The building, which would have a natural lighting system and advanced online baggage inspection facilities, would be able to handle 500 domestic and 200 international passengers.
The airport would also come up with facilities to park as many as 600 cars.
Releasing the blueprint for the new terminal, BMA director A.V. Krishna, said the new terminal building would be “integrated” with the existing one in order to maximise passenger-holding capacity. The present terminal building can hold up to 200 passengers.
The Airport Authority of India (AAI), which would construct the facilities at BMA, has also come up with an apron area for three additional aircraft in addition to the present two. Now, five aircraft would be parked here.
Krishna said the new terminal building was scheduled to be completed by the year-end at a cost of Rs 110 crore.
“The online baggage inspection system will ave six layers of online checking without opening the baggage. But if it is felt that checking is still incomplete, it can be done manually, too,” said Krishna.
The BMA director also said the AAI master plan included the construction of an air cargo centre for transporting perishable foodstuff such as vegetables, milk and fruits.

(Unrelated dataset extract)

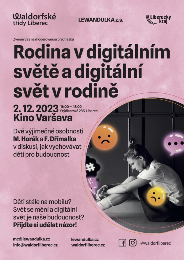 Srdečně Vás zveme na moderovanou přednášku Rodina v digitálním světě a digitální svět v rodině s Milanem Horákem, zkušeným učitelem společenských věd a informatiky na waldorfském lyceu v Praze a s Filipem Dřímalkou, zakladatelem Digitask.cz, Digiskills.cz, Digichallenge.cz, autorem knihy HOT: Jak uspět v digitálním světě o médiích kolem nás a jak v mediálním světě vychovávat děti tak, aby z nich rostly plnohodnotné bytosti, ukotvené v reálném světě.

Kingfisher Airlines has expressed its willingness to begin “belly cargo” in all its three aircraft operating from BMA, he said.
The airline also plans to begin operations between Patna-Ranchi-Mumbai in the next few months.
While the new terminal building would come up in the existing space — on the eastern side of the BMA using the available area — the expansion plan includes an addition of another 1,500ft to the existing 8,900ft runway.
Krishna said the state government has plans to take over 178 acre army land situated on the eastern side of the boundary of the airport and hand it over to the AAI for BMA’s expansion.
“Apart from the 178 acre army land, the state government has assured the AAI to arrange for more land so that we can go ahead with the expansion plans. We will soon be entering into an agreement with the state government on this,” Krishna added.
Another air traffic control tower with 100ft would come up to add to the 50ft tower already present.
No international flights operate from BMA but AAI authorities expect that in the next one-year, they would be able to convince airlines to operate international flights for Bangkok and Singapore, among others.